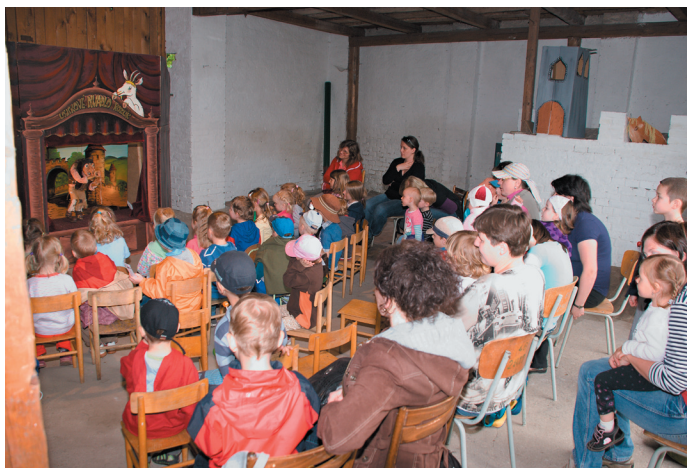
Loutkové divadlo Kozlík
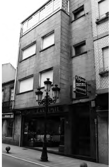
A casa na actualidade.
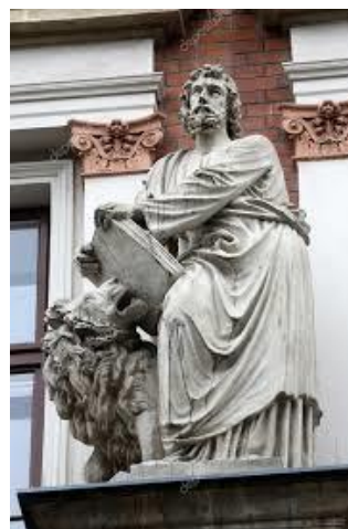
Saint Marc Évangéliste

** About this exercise **
Strip the images and return the remaining data exactly.

** The completed task **
Loutkové divadlo Kozlík
A casa na actualidade.
Saint Marc Évangéliste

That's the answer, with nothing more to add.